**TASK PROMPT**
Copy every entry in the listing below exactly, but not the pictures.

**DATA EXTRACTS**
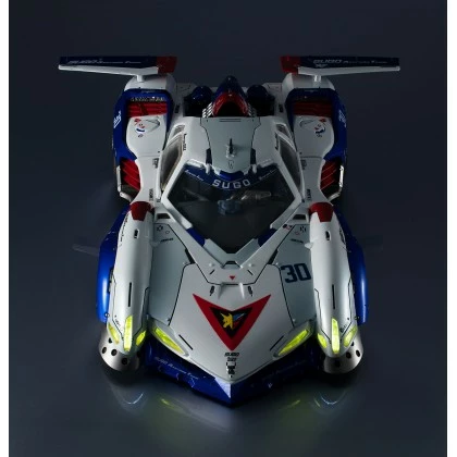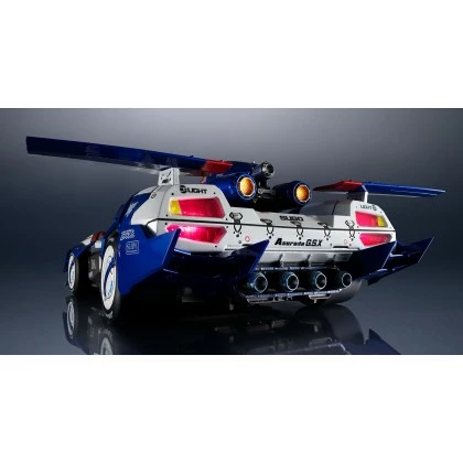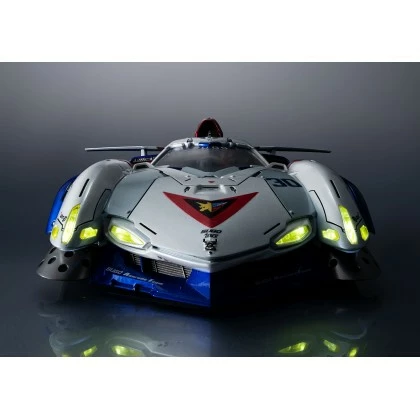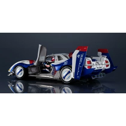 The body of VA Hi-SPEC ASURADA G.S.X is mainly made of zinc alloy (die-cast), POM, and ABS, and is painted with metallic coating. The die-cast enhances the weight and durability of the vehicle model and is combined with engineering plastic at the movable joints in order to increase the functionality of moving parts. The wheels are made of a soft PVC material to replicate a realistic rubber tire texture. A Hayato Kazami figure, with helmet, articulation, and detailed paint, is also included; which can be placed inside the vehicle model.
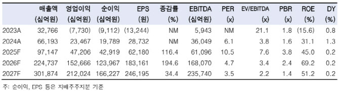 채 연구원은 2026년 1분기 메모리 ASP가 기존 추정치를 상회할 가능성이 높다고 판단해 DRAM과 NAND ASP 전망을 상향 조정했다. 이에 따라 2026년 연간 영업이익 추정치는 기존 대비 20% 상향한 153조원으로 제시됐다. 채 연구원은 “공급 부족에 따른 ASP 상승과 이익 추정치 상향 흐름이 상당 기간 지속될 것”이라며 “2026~2029년 평균 ROE가 35% 이상으로 추정되는 점을 감안해 섹터 내 톱픽(Top pick) 의견을 유지한다”고 밝혔다.
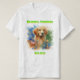 Um Ouro orgulhoso, cão de sempre, está com um troféu adornado com estrelas cintilantes, simbolizando vitória e excelência. Celebrando o Ouro Nacional de Porco Purebred Day
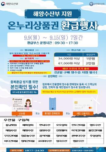 행사 기간 중 수산물을 3만 4천 원 이상 6만 7천 원 미만 구매시 1만 원, 6만 7천 원 이상 구매시 2만 원을 온누리상품권(지류형)으로 환급받는 행사로 당일 본인 신분증 및 구매 영수증을 바지게시장 내 환급처에 제시하면 된다.
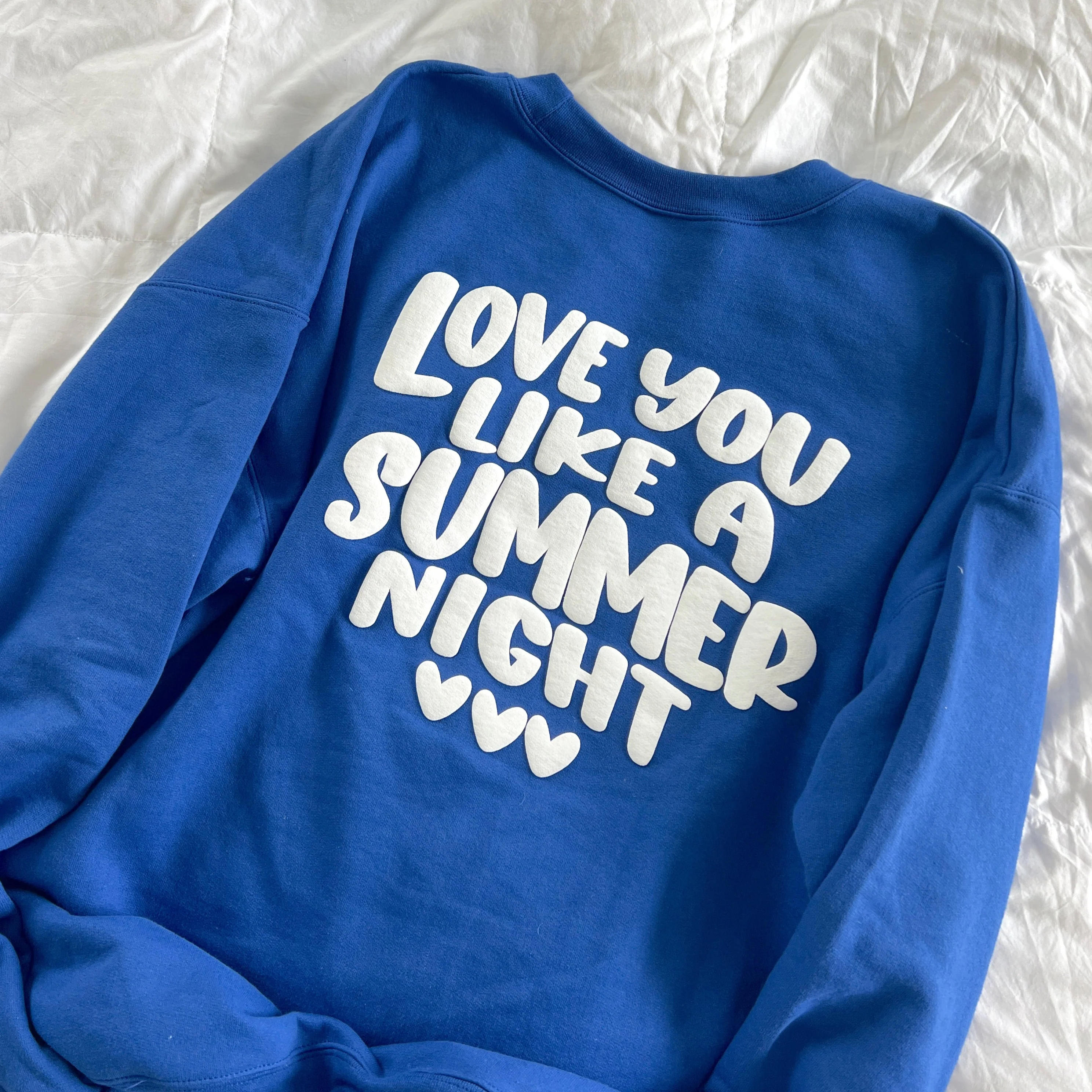 Say hello to the crewneck of the summer! These royal blue crews are equipped with a beautiful puff print design that gives fluffy marshmallows. The back has the large love you like a summer night design across it and the front features three lil puffy hearts.
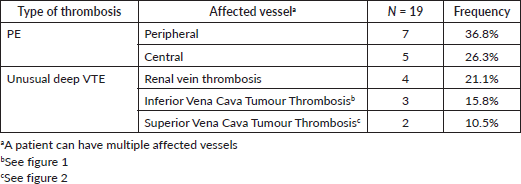 During our study period, we recruited 19 patients with incidental venous thrombosis among the 359 who underwent routine staging or treatment assessment CT scans. This represents a frequency of 5.3%.
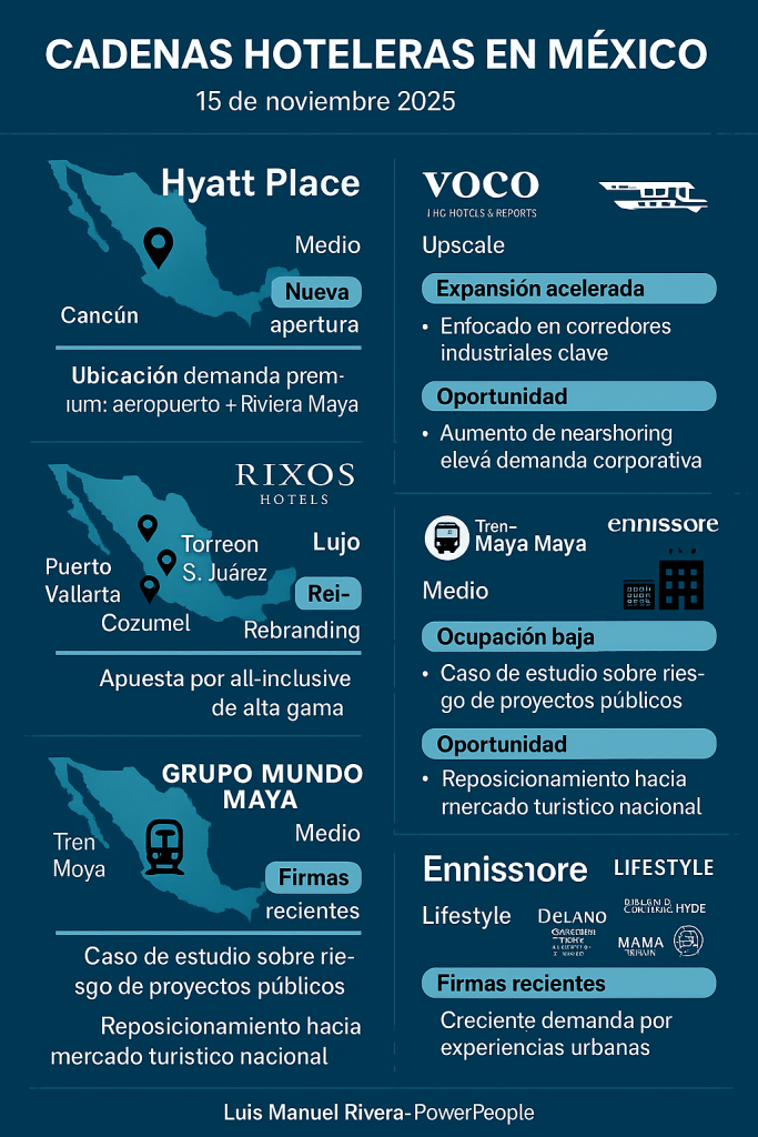 Para tus análisis en Ciudad Juárez, es especialmente importante: IHG aprovecha la demanda corporativa creciente, lo que valida tu línea de contenido sobre oportunidades del nearshoring en el norte del país.
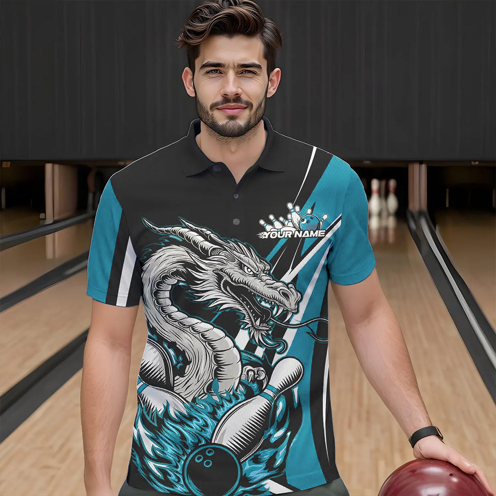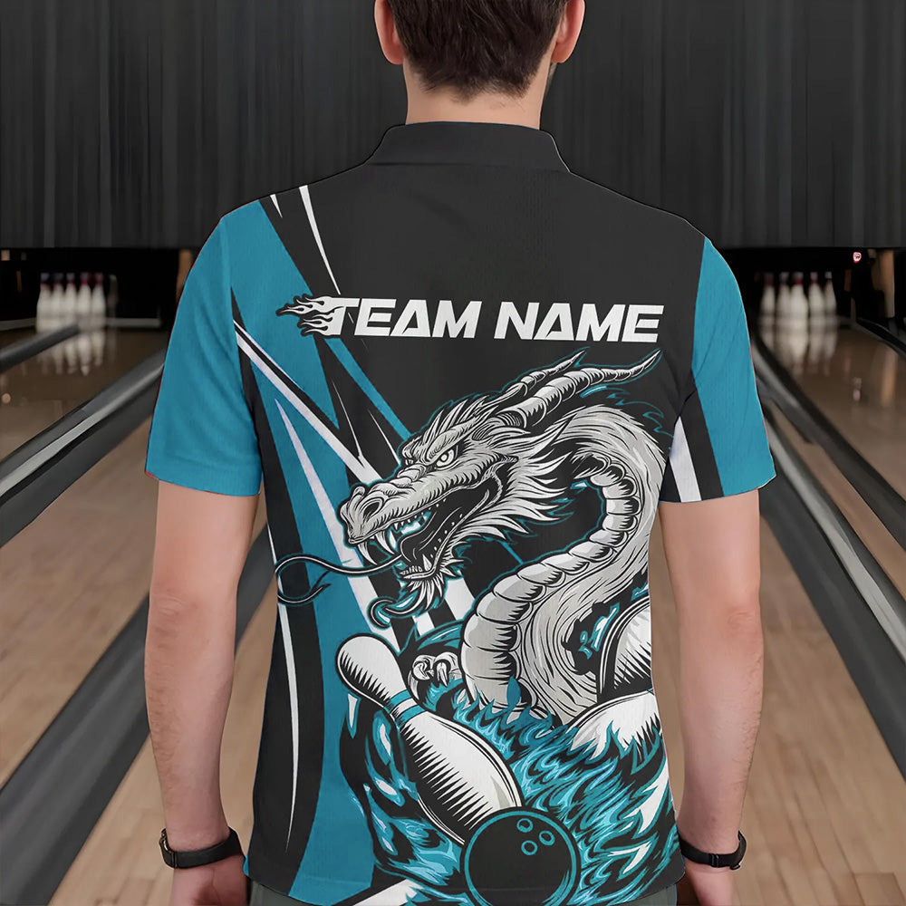 Custom Black And Blue Flame Dragon Bowling Jerseys, Dragon Men Bowling Team Polo Shirts IPHW8712
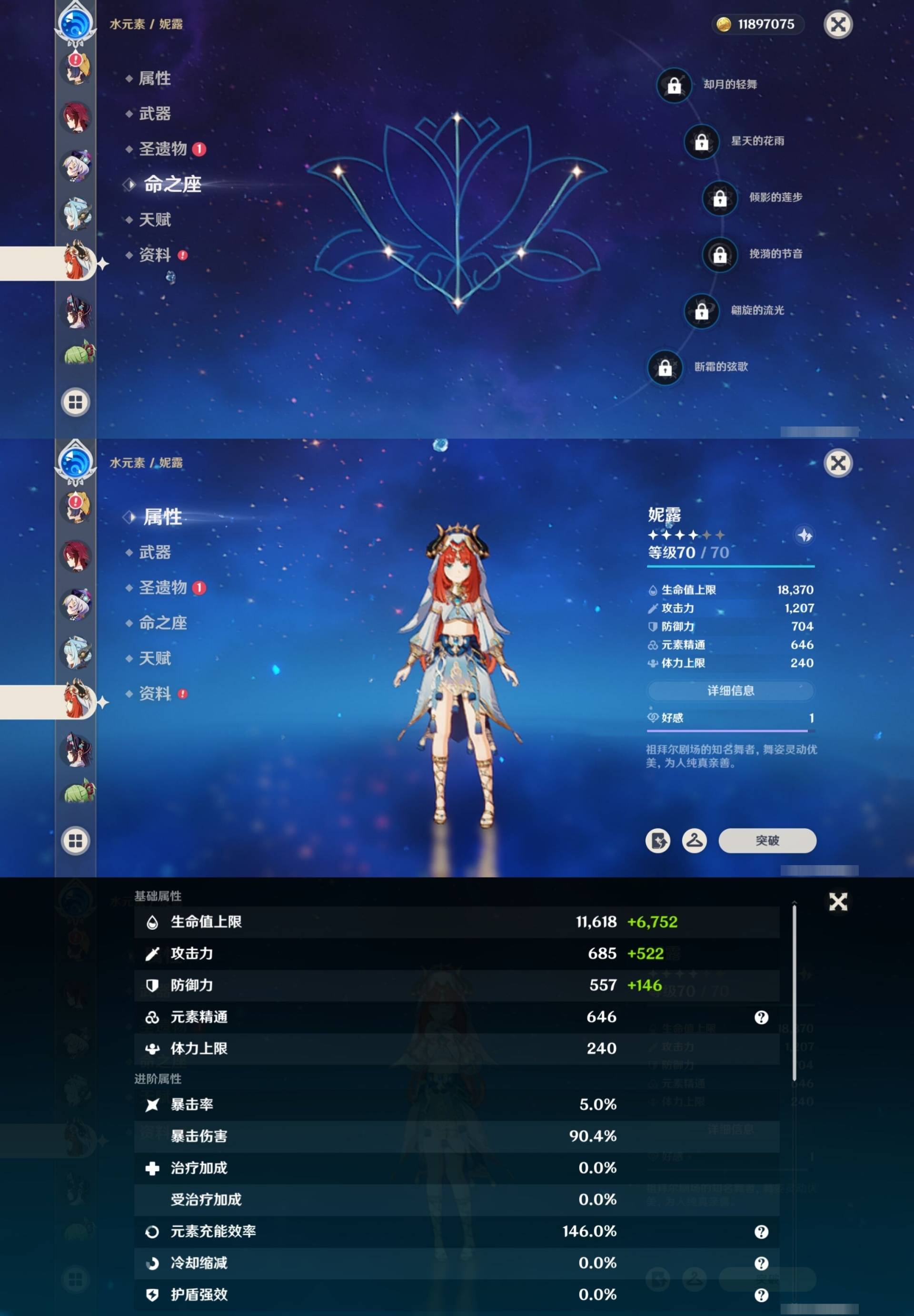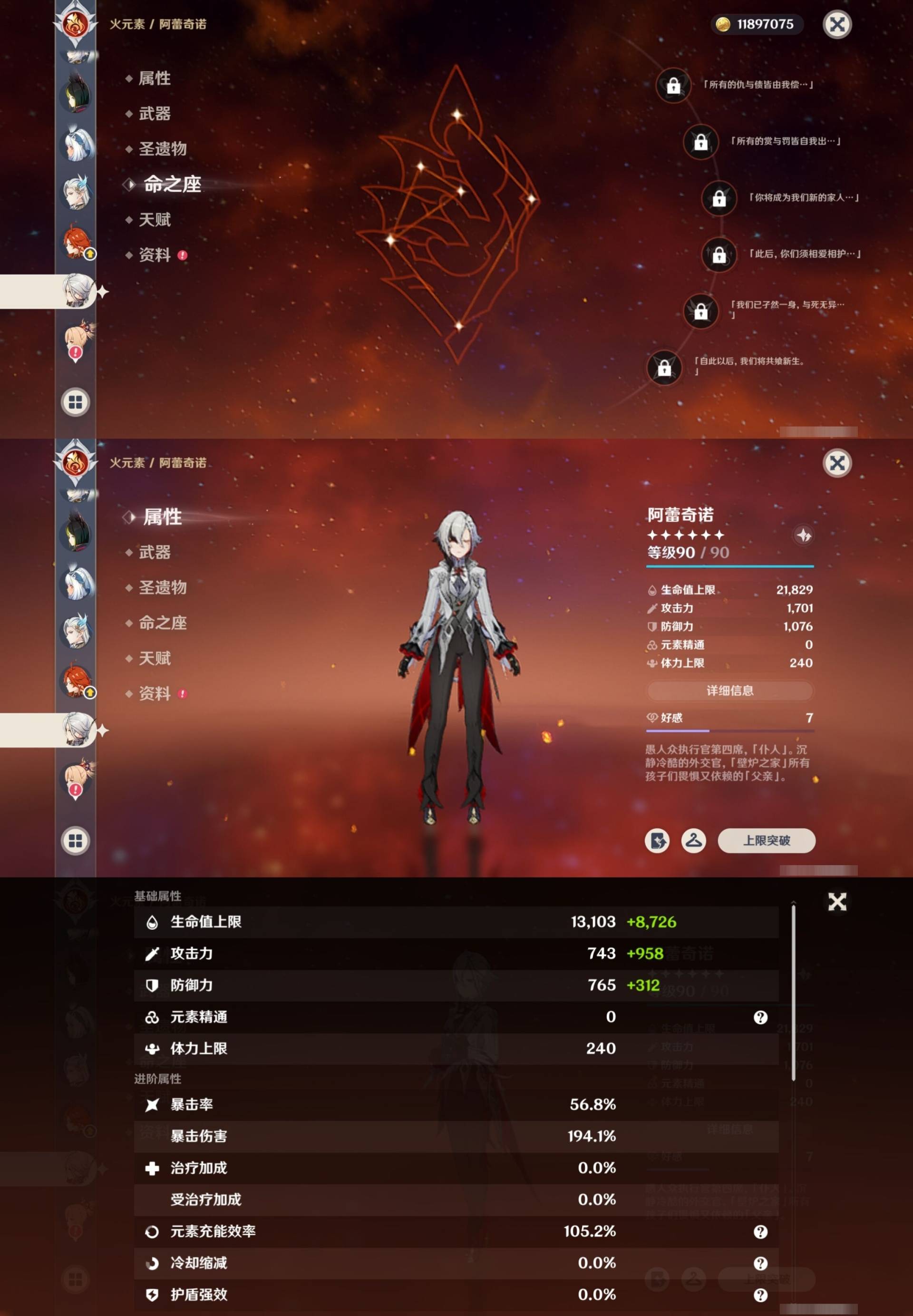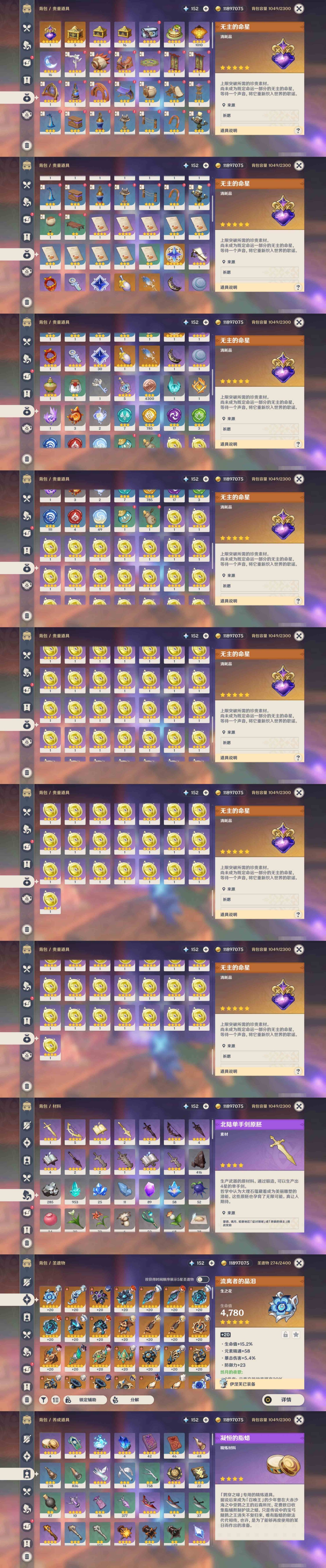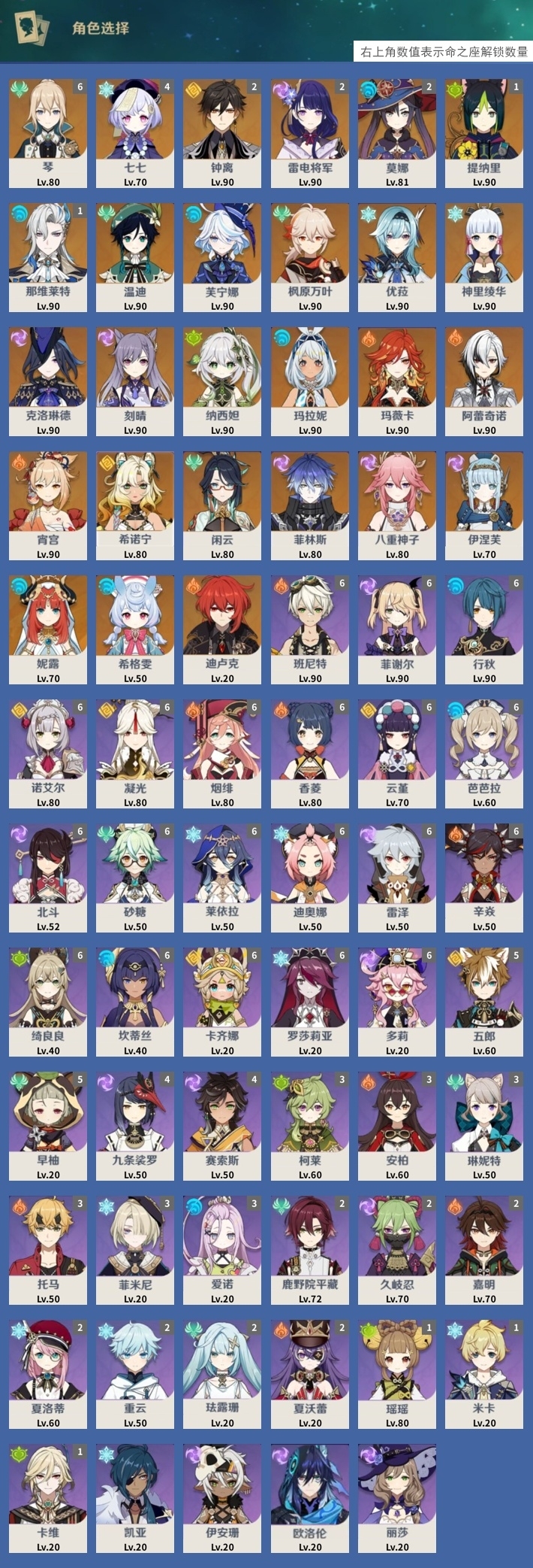 [15170894]57黄 风系:0命枫原万叶/0命闲云/6命琴/0命温迪 火系:0命玛薇卡/0命阿蕾奇诺/0命宵宫/0命迪卢克 水系:0命芙宁娜/0命玛拉妮/1命那维莱特/2命莫娜/0命妮露/0命希格雯 冰系:0命优菈/0命神里绫华/4命七七 岩系:2命钟离/0命希诺宁 雷系:0命克洛琳德/2命雷电将军/0命刻晴/0命菲林斯/0命八重神子/0命伊涅芙 草系:0命纳西妲/1命提纳里 [四星角色等级及命座] 风系: 2命鹿野院平藏/3命琳妮特/6命砂糖/2命珐露珊/5命早柚 火系: 6命烟绯/6命香菱/2命嘉明/3命安柏/3命托马/6命辛焱/2命夏沃蕾/6命班尼特 水系:6命行秋/6命芭芭拉/6命坎蒂丝/3命爱诺 冰系:2命夏洛蒂/6命莱依拉/6命迪奥娜/2命重云/3命菲米尼/1命米卡/6命罗莎莉亚/0命凯亚 岩系:6命诺艾尔/6命凝光/6命云堇/5命五郎 雷系:2命久岐忍/6命北斗/4命九条裟罗/6命雷泽/4命赛索斯/0命伊安珊/0命欧洛伦/6命多莉/0命丽莎/6命菲谢尔 草系:1命瑶瑶/3命柯莱/6命绮良良/1命卡维 [角色经验书] 紫色42/蓝色46 [小物品] 脆弱树脂16/嬗变之尘6 [特殊材料] 东风之翎1/东风之爪1/东风的吐息6/北风之环3/北风的魂匣3/吞天之鲸·只角13/魔王之刃·残片9 武炼之魂·孤影12/龙王之冕2/血玉之枝4/鎏金之鳞5/智识之冕31 [神瞳剩余数量] 风神瞳1/岩神瞳1/雷神瞳1

**RESULT**
 The body of VA Hi-SPEC ASURADA G.S.X is mainly made of zinc alloy (die-cast), POM, and ABS, and is painted with metallic coating. The die-cast enhances the weight and durability of the vehicle model and is combined with engineering plastic at the movable joints in order to increase the functionality of moving parts. The wheels are made of a soft PVC material to replicate a realistic rubber tire texture. A Hayato Kazami figure, with helmet, articulation, and detailed paint, is also included; which can be placed inside the vehicle model.
 채 연구원은 2026년 1분기 메모리 ASP가 기존 추정치를 상회할 가능성이 높다고 판단해 DRAM과 NAND ASP 전망을 상향 조정했다. 이에 따라 2026년 연간 영업이익 추정치는 기존 대비 20% 상향한 153조원으로 제시됐다. 채 연구원은 “공급 부족에 따른 ASP 상승과 이익 추정치 상향 흐름이 상당 기간 지속될 것”이라며 “2026~2029년 평균 ROE가 35% 이상으로 추정되는 점을 감안해 섹터 내 톱픽(Top pick) 의견을 유지한다”고 밝혔다.
 Um Ouro orgulhoso, cão de sempre, está com um troféu adornado com estrelas cintilantes, simbolizando vitória e excelência. Celebrando o Ouro Nacional de Porco Purebred Day
 행사 기간 중 수산물을 3만 4천 원 이상 6만 7천 원 미만 구매시 1만 원, 6만 7천 원 이상 구매시 2만 원을 온누리상품권(지류형)으로 환급받는 행사로 당일 본인 신분증 및 구매 영수증을 바지게시장 내 환급처에 제시하면 된다.
 Say hello to the crewneck of the summer! These royal blue crews are equipped with a beautiful puff print design that gives fluffy marshmallows. The back has the large love you like a summer night design across it and the front features three lil puffy hearts.
 During our study period, we recruited 19 patients with incidental venous thrombosis among the 359 who underwent routine staging or treatment assessment CT scans. This represents a frequency of 5.3%.
 Para tus análisis en Ciudad Juárez, es especialmente importante: IHG aprovecha la demanda corporativa creciente, lo que valida tu línea de contenido sobre oportunidades del nearshoring en el norte del país.
 Custom Black And Blue Flame Dragon Bowling Jerseys, Dragon Men Bowling Team Polo Shirts IPHW8712
 [15170894]57黄 风系:0命枫原万叶/0命闲云/6命琴/0命温迪 火系:0命玛薇卡/0命阿蕾奇诺/0命宵宫/0命迪卢克 水系:0命芙宁娜/0命玛拉妮/1命那维莱特/2命莫娜/0命妮露/0命希格雯 冰系:0命优菈/0命神里绫华/4命七七 岩系:2命钟离/0命希诺宁 雷系:0命克洛琳德/2命雷电将军/0命刻晴/0命菲林斯/0命八重神子/0命伊涅芙 草系:0命纳西妲/1命提纳里 [四星角色等级及命座] 风系: 2命鹿野院平藏/3命琳妮特/6命砂糖/2命珐露珊/5命早柚 火系: 6命烟绯/6命香菱/2命嘉明/3命安柏/3命托马/6命辛焱/2命夏沃蕾/6命班尼特 水系:6命行秋/6命芭芭拉/6命坎蒂丝/3命爱诺 冰系:2命夏洛蒂/6命莱依拉/6命迪奥娜/2命重云/3命菲米尼/1命米卡/6命罗莎莉亚/0命凯亚 岩系:6命诺艾尔/6命凝光/6命云堇/5命五郎 雷系:2命久岐忍/6命北斗/4命九条裟罗/6命雷泽/4命赛索斯/0命伊安珊/0命欧洛伦/6命多莉/0命丽莎/6命菲谢尔 草系:1命瑶瑶/3命柯莱/6命绮良良/1命卡维 [角色经验书] 紫色42/蓝色46 [小物品] 脆弱树脂16/嬗变之尘6 [特殊材料] 东风之翎1/东风之爪1/东风的吐息6/北风之环3/北风的魂匣3/吞天之鲸·只角13/魔王之刃·残片9 武炼之魂·孤影12/龙王之冕2/血玉之枝4/鎏金之鳞5/智识之冕31 [神瞳剩余数量] 风神瞳1/岩神瞳1/雷神瞳1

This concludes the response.